Vicdan; His, duygu, inanç, kalple hissetme, İyiyi kötüden ayıran ve seçen bir yapıya sahip olan kalpteki gizli histir. İyiyi kötüden, hayrı şerden ayırmayı sağlayan iç duygu, ahlâk şuurudur. İyiliklerden hoşnut olma ve kötülüklerden azap duyma hissidir. İyilik etmekten lezzet duyan ve kötülükten elem alan manevi hislerdir. Kişiyi kendi davranışlarıyla ilgili olarak bir yargıda bulunmaya yönelten, kişinin kendi ahlâk değerleri üzerinde dolaysız ve kendiliğinden yargılama yapmasını sağlayan, kişiye doğruyu ve iyiyi yapma yükümlüğünü de yükleyen iç güçlere denir.[2]
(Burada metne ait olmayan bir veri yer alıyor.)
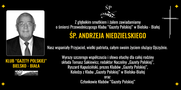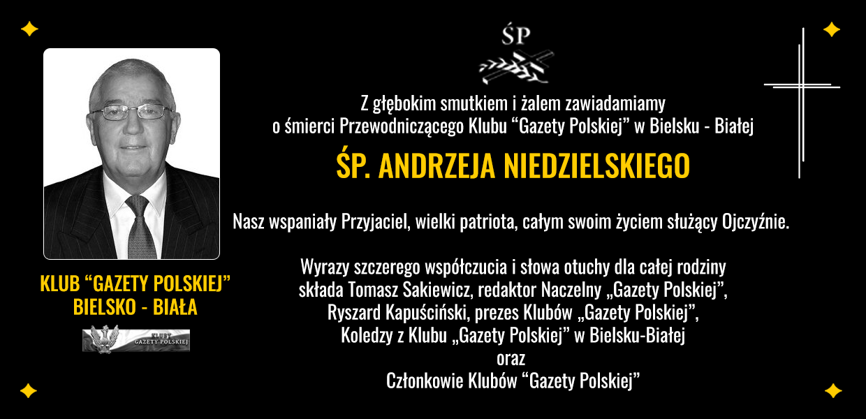 Z głębokim smutkiem i żalem zawiadamiamy o śmierci Przewodniczącego z Kluby „Gazety Polskiej” w Bielsku – Białej

İnsanın maddî olan vücudundan başka ruhî yönü de vardır. İnsanın bedeni öyle harika bir makinadır ki çağımızda tekniğin en ileri seviyedeki imkanları ile yapılmış motor ve makinalar bunun yanında çok basit kalır. İnsan bedeninin planı tafsilatıyla anlatılmaya kalkışılsa bunun bilgisi her bir cildi biner sayfa olmak üzere bin ciltlik bir kitap eder.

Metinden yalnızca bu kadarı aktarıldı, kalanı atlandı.